D.M.K., Inc. v. Town of Pittsfield

2006 WI App 40, 711 N.W.2d 672, 290 Wis. 2d 474, 2006 Wisc. App. LEXIS 189
CourtCourt of Appeals of Wisconsin
DecidedFebruary 28, 2006
Docket2005AP221
StatusPublished
Cited by5 cases

This text of 2006 WI App 40 (D.M.K., Inc. v. Town of Pittsfield) is published on Counsel Stack Legal Research, covering Court of Appeals of Wisconsin primary law. Counsel Stack provides free access to over 12 million legal documents including statutes, case law, regulations, and constitutions.

Bluebook
D.M.K., Inc. v.
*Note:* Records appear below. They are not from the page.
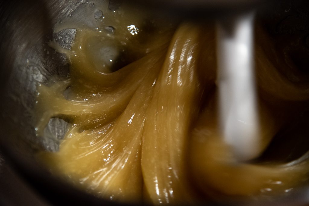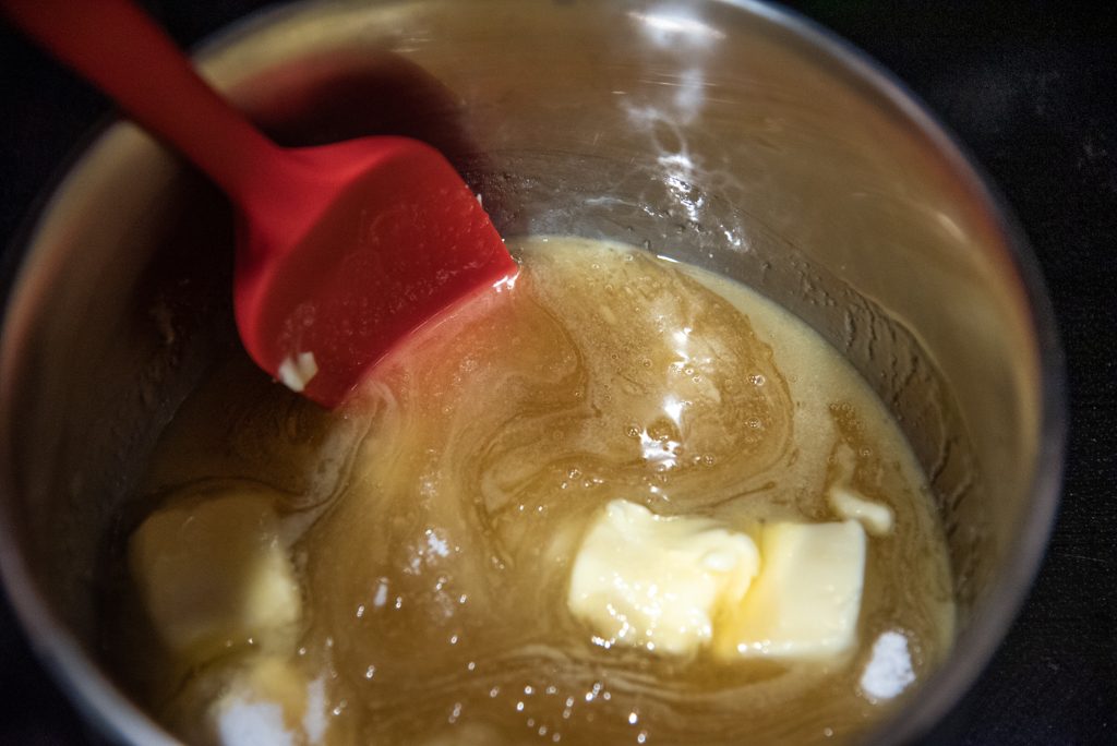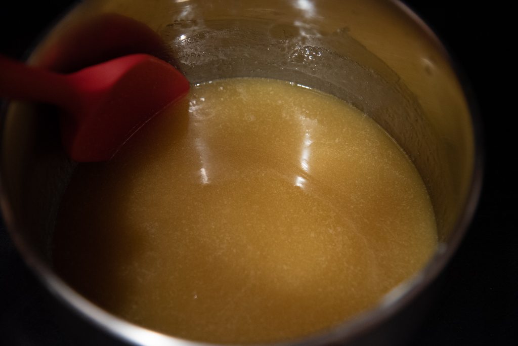 - In a medium pot, heat honey, sugar, and butter pieces on medium low, stirring occasionally, until butter melts. Remove from heat and set aside to cool for at least 20 minutes or until lukewarm to the touch.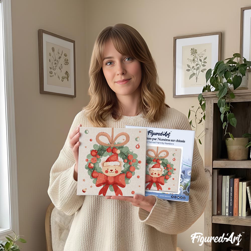 Mini Paint by numbers 8"x8" framed - Christmas Wreath Bear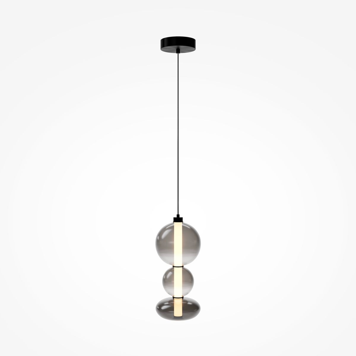 Светильники с тонированными выдувными стеклянными плафонами (дымчатыми  или янтарными) и металлической арматурой (черной или цвета латуни). Окрашивание плафонов градиентное. Источник света: LED. Световой элемент установлен внутри акрилового рассеивателя. Цветовая температура источника света – 3000К, угол рассеивания — 120°. Торшеры снабжены Push-кнопкой на проводе.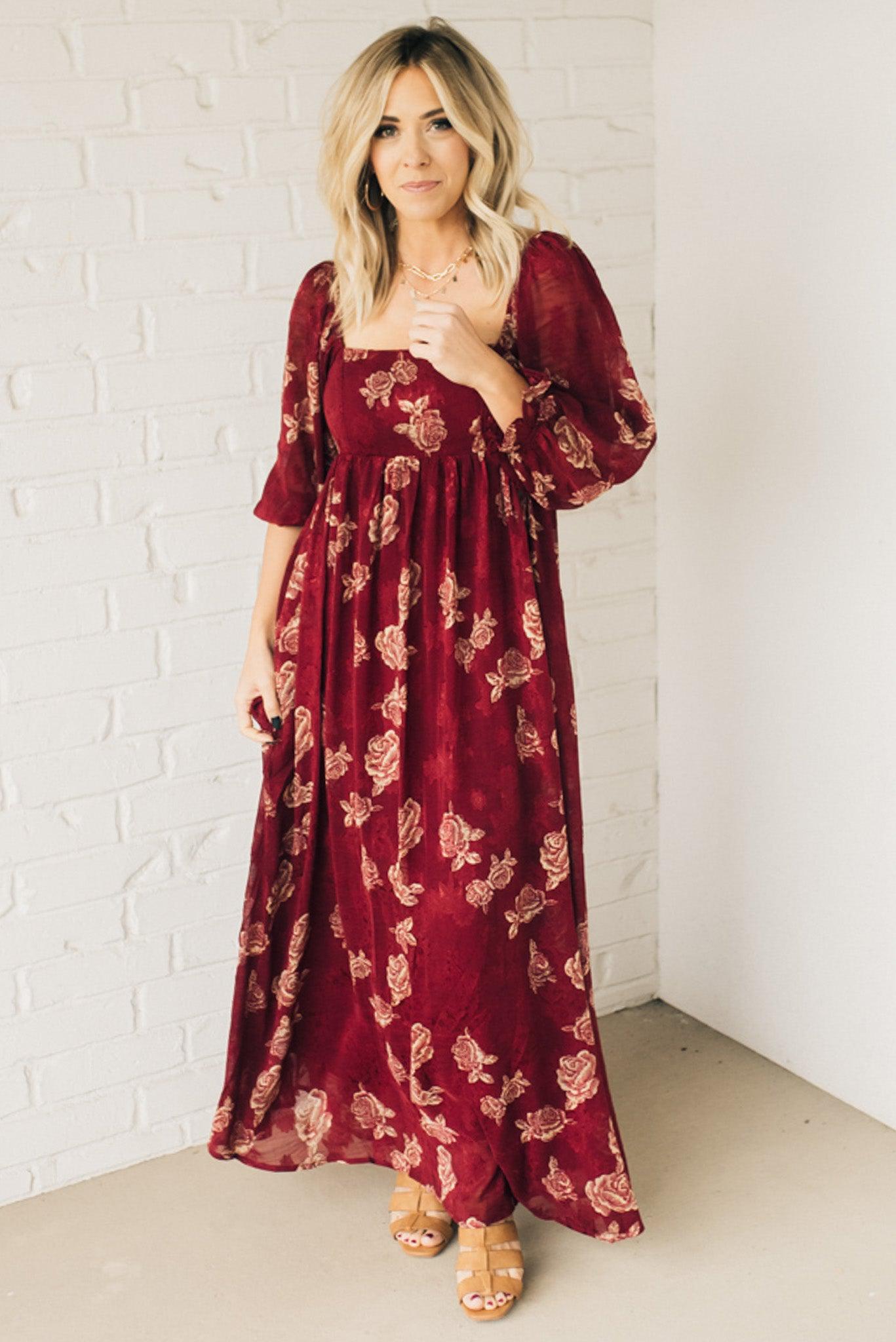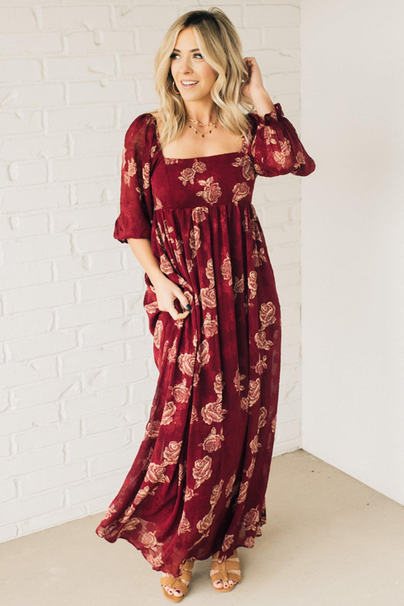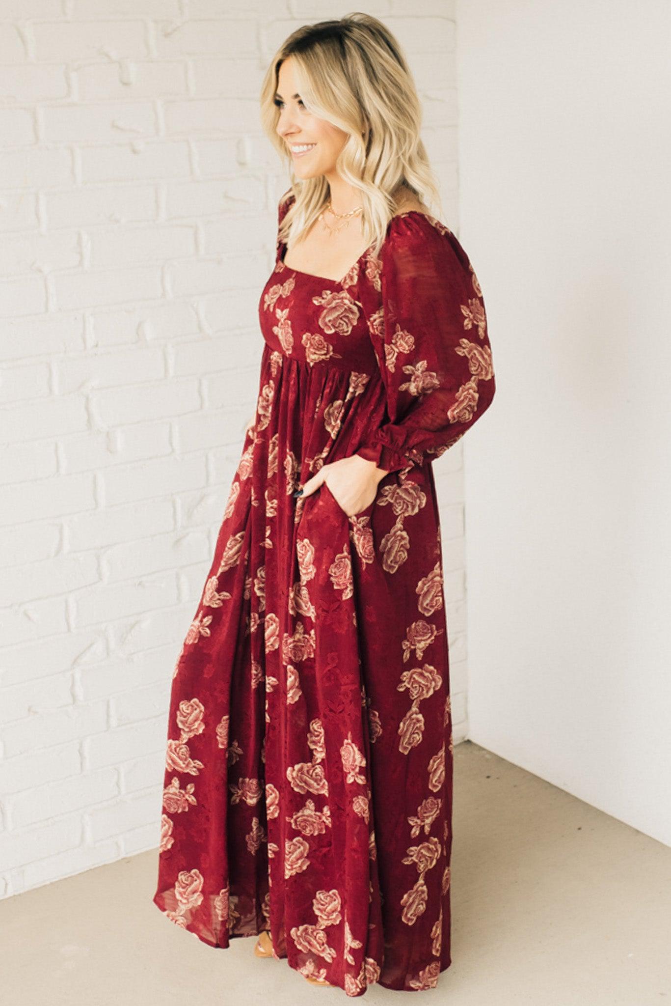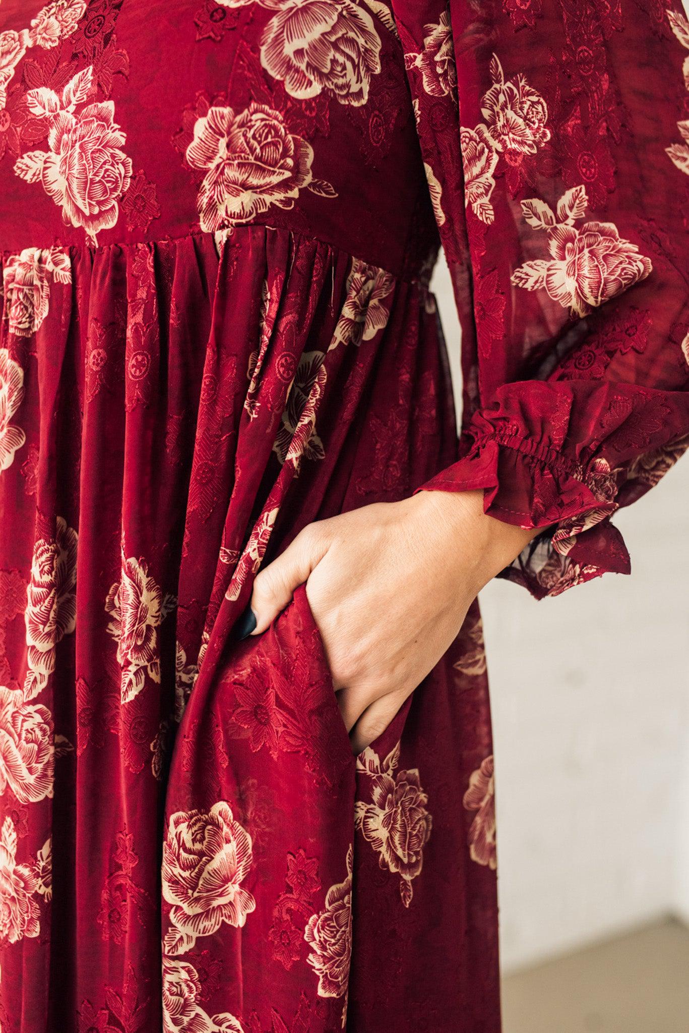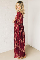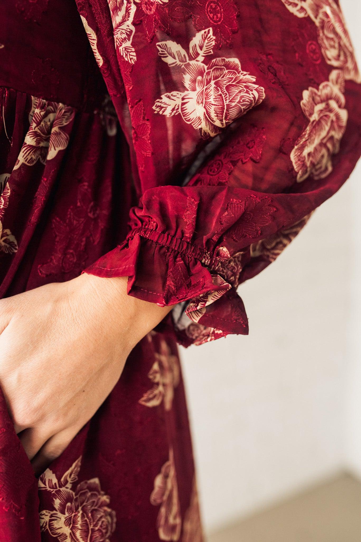 Look stunning and show off your style with this Rumi Floral Maxi Dress. Boasting a crushed sheer floral print fabric, bishop sleeve, and off shoulder option, this maxi dress is sure to make a statement. With its side pockets and flowy fit, this beautiful deep burgundy with rich gold printing will make you stand out in any crowd.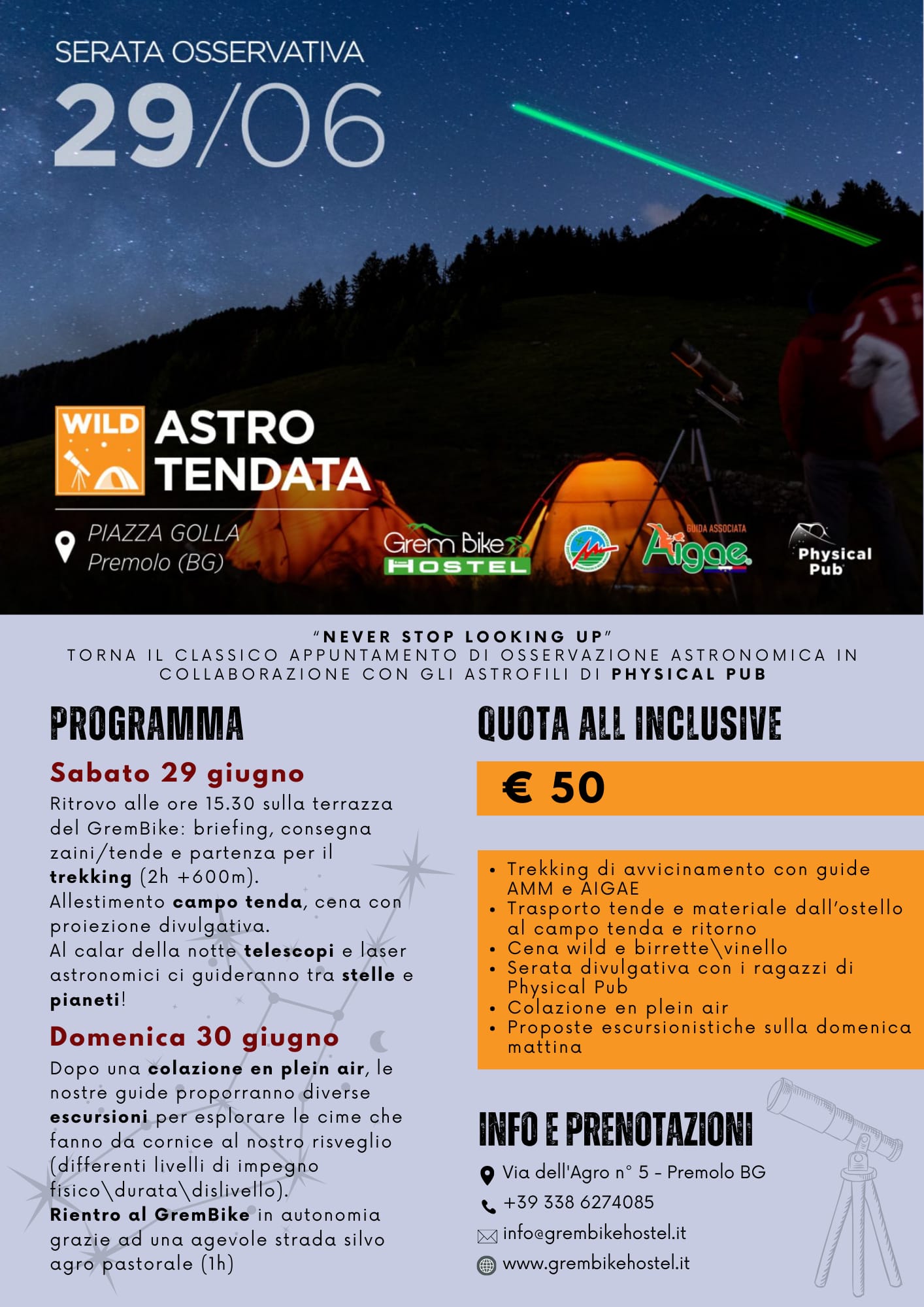 Sabato 29 e domenica 30 giugno, torna il classico appuntamento di osservazione astronomica organizzata dal Grem Bike Hostel in collaborazione con gli astrofili Physical Pub. PROGRAMMA:

Town of Pittsfield, 2006 WI App 40, 711 N.W.2d 672, 290 Wis. 2d 474, 2006 Wisc. App. LEXIS 189 (Wis. Ct. App. 2006).

Opinion

CANE, C.J.

¶ 1. D.M.K., Inc. appeals a grant of summary judgment in favor of the Town of Pittsfield. As a disappointed bidder for municipal road construction projects, D.M.K. claims that the Town failed to comply with applicable statutes and that the circuit court incorrectly limited the types of damages available. We affirm the circuit court's grant of summary judgment.

FACTS

¶ 2. On May 13, 2003, the Pittsfield town board reviewed bids for several road construction projects. Altogether, there were four projects, referred to as Pineview, Robin, Hillside, and Sunnybrook. During the meeting, the board awarded contracts for three of the projects, with the Sunnybrook project being reserved for later.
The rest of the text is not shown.